The dataset contains **19,383 TikTok videos**, each representing a unique published video labeled as either a claim or opinion. Key features include:

- **claim_status**: Target variable indicating whether the video contains a “claim” (unsourced/unverified info) or an “opinion” (personal belief)
- **video_id**: Unique identifier assigned to each video upon publication
- **video_duration_sec**: Duration of the video in seconds (continuous)
- **video_transcription_text**: Transcribed spoken content from the video (natural language)
- **verified_status**: Indicates if the video author is verified (verified / not verified)
- **author_ban_status**: Indicates the author's moderation status (active / under review / banned)
- **video_view_count**: Total number of views (continuous)
- **video_like_count**: Total number of likes (continuous)
- **video_share_count**: Total number of shares (continuous)
- **video_download_count**: Total number of downloads (continuous)
- **video_comment_count**: Total number of comments (continuous)

This dataset serves as the foundation for analyzing patterns in TikTok content moderation and building a classification model to distinguish between claims and opinions.

## **Data Processing and Analysis Steps**

### **Data Cleaning**
- Removed 298 rows with missing values (1.5% of dataset)
- Capped extreme outliers in engagement metrics using IQR method
- Balanced classes via upsampling (50.3% claims vs 49.7% opinions)

### **Exploratory Data Analysis**
- Visualized engagement distributions: Claims showed 2.5× higher median views
- Identified banned authors generate 3× more claims than active accounts
- Created Tableau dashboards comparing claim/opinion metrics

### **Statistical Testing**
- Conducted t-tests: Verified vs unverified accounts show significant engagement differences (p<0.001)
- Confirmed claims drive higher shares (mean=16,735) vs opinions (mean=14,111)

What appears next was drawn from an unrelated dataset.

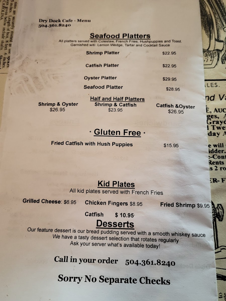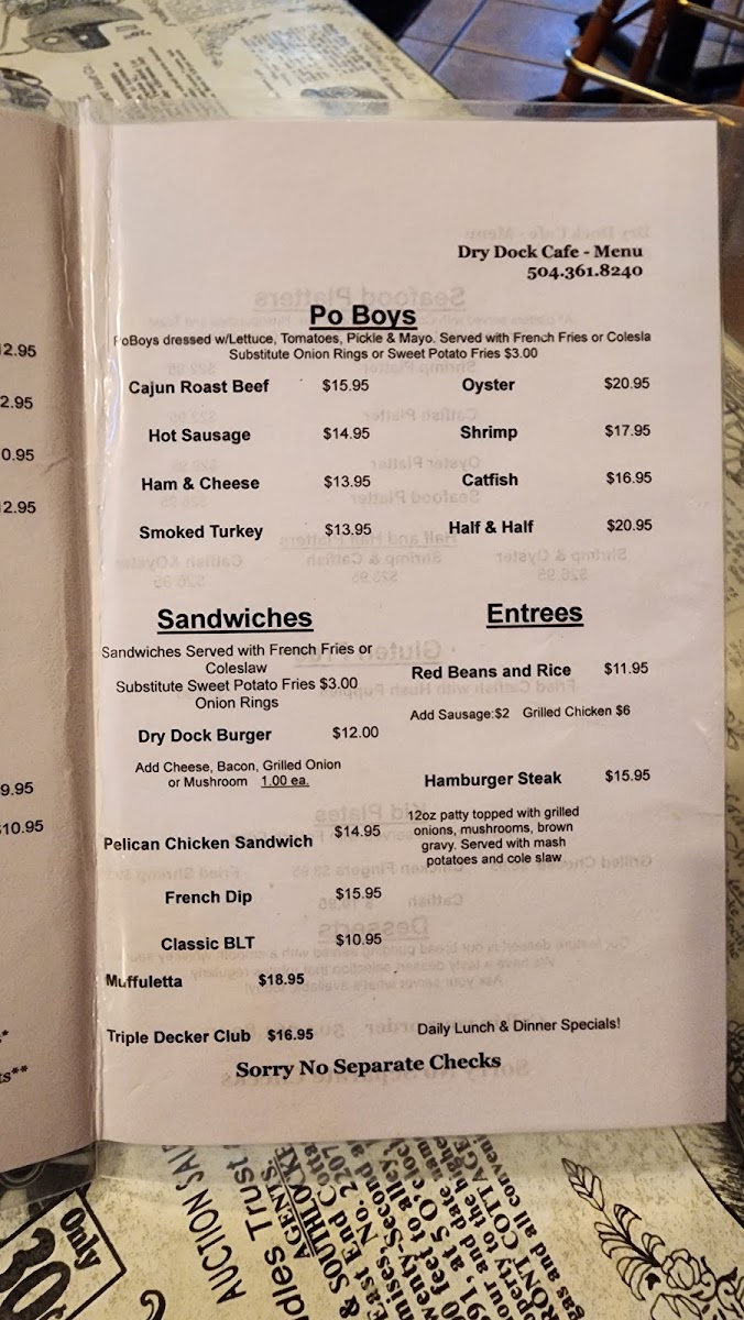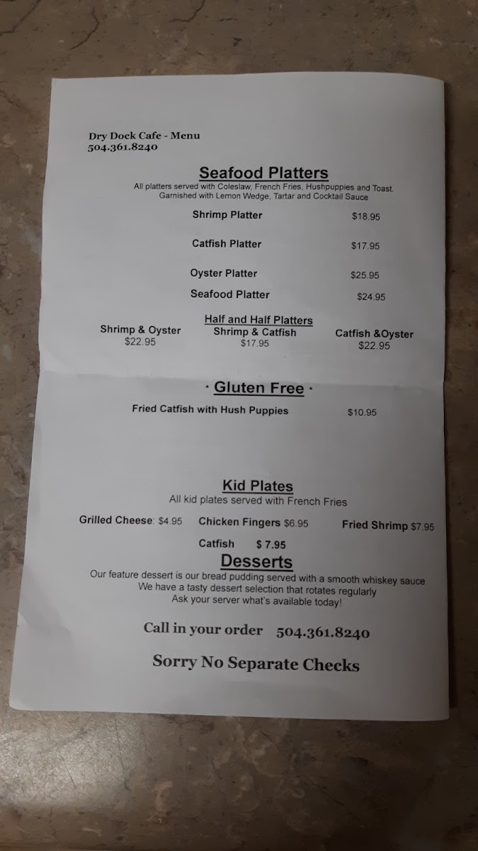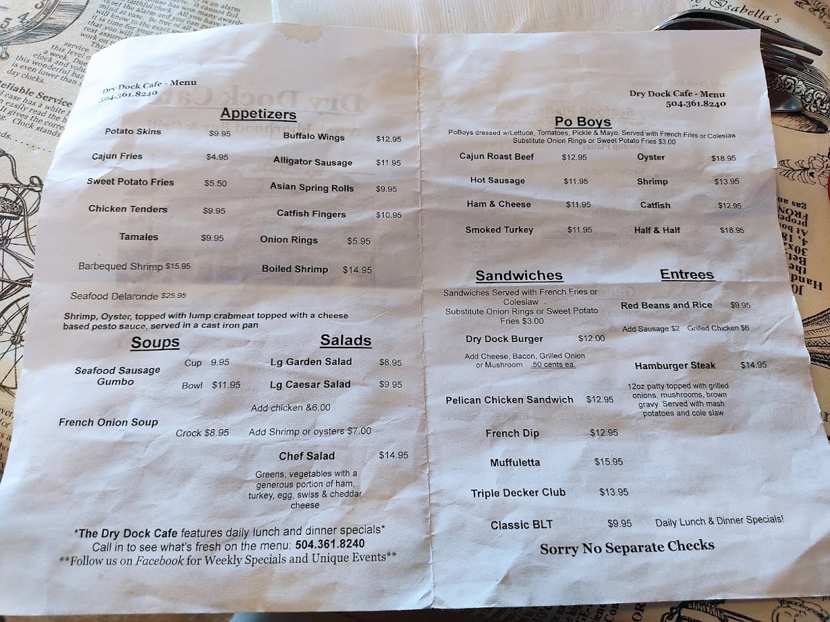 Dry Dock Café Menu

### **Machine Learning Modeling**
- **Feature Engineering**:
- Extracted text length from transcriptions
- Generated n-gram features via CountVectorizer
- One-hot encoded categorical variables
- **Model Development**:
- Logistic Regression baseline (67% accuracy)
- Random Forest (99.5% recall)
- XGBoost (99.0% recall)
- **Evaluation**:
- Prioritized recall to minimize false negatives
- Final RF model achieved 99.48% recall, 99.95% precision

## **Key Insights**

### **Statistical Findings**
- **Claims generate significantly higher engagement**:
- 2.1× more views (p<0.001)
- 1.8× more likes (p<0.001)
- **Banned accounts are 3× more likely to post claims**
- **Verified accounts post fewer claims** (32% vs 68% for unverified)

### **Model Performance**

| Model | Recall | Precision | F1-Score |
|---------------------|---------|-----------|----------|
| Logistic Regression | 82% | 63% | 71% |
| Random Forest | 99.48% | 99.95% | 99.71% |
| XGBoost | 98.98% | 99.90% | 99.44% |

### **Feature Importance**
1. **Video share count** (28% importance)
2. **Author ban status** (22%)
3. **Video view count** (19%)
4. **Text length** (15%)

## **Project Highlights**

AllPhases



- Developed **end-to-end classification pipeline** from EDA to deployment-ready model
- Achieved **near-perfect recall (99.48%)** to minimize harmful content oversight
- Identified **key moderation signals**: High shares + banned author status
- Created **interpretable visualizations** of engagement patterns
- Established **ethical framework** for automated content moderation

## **Future Work**

- **Incorporate Advanced NLP**: Implement BERT for semantic claim detection
- **Expand Feature Set**: Add user history and temporal engagement patterns
- **Real-Time Testing**: Shadow deployment to assess production performance
- **Fairness Audits**: Evaluate demographic bias in classification
- **Multi-Language Support**: Adapt model for non-English content

This analysis provides **scalable solutions for content moderation**, enabling TikTok to efficiently identify high-risk claims while reducing manual review workload. The findings demonstrate how engagement metrics and account characteristics can reliably predict problematic content.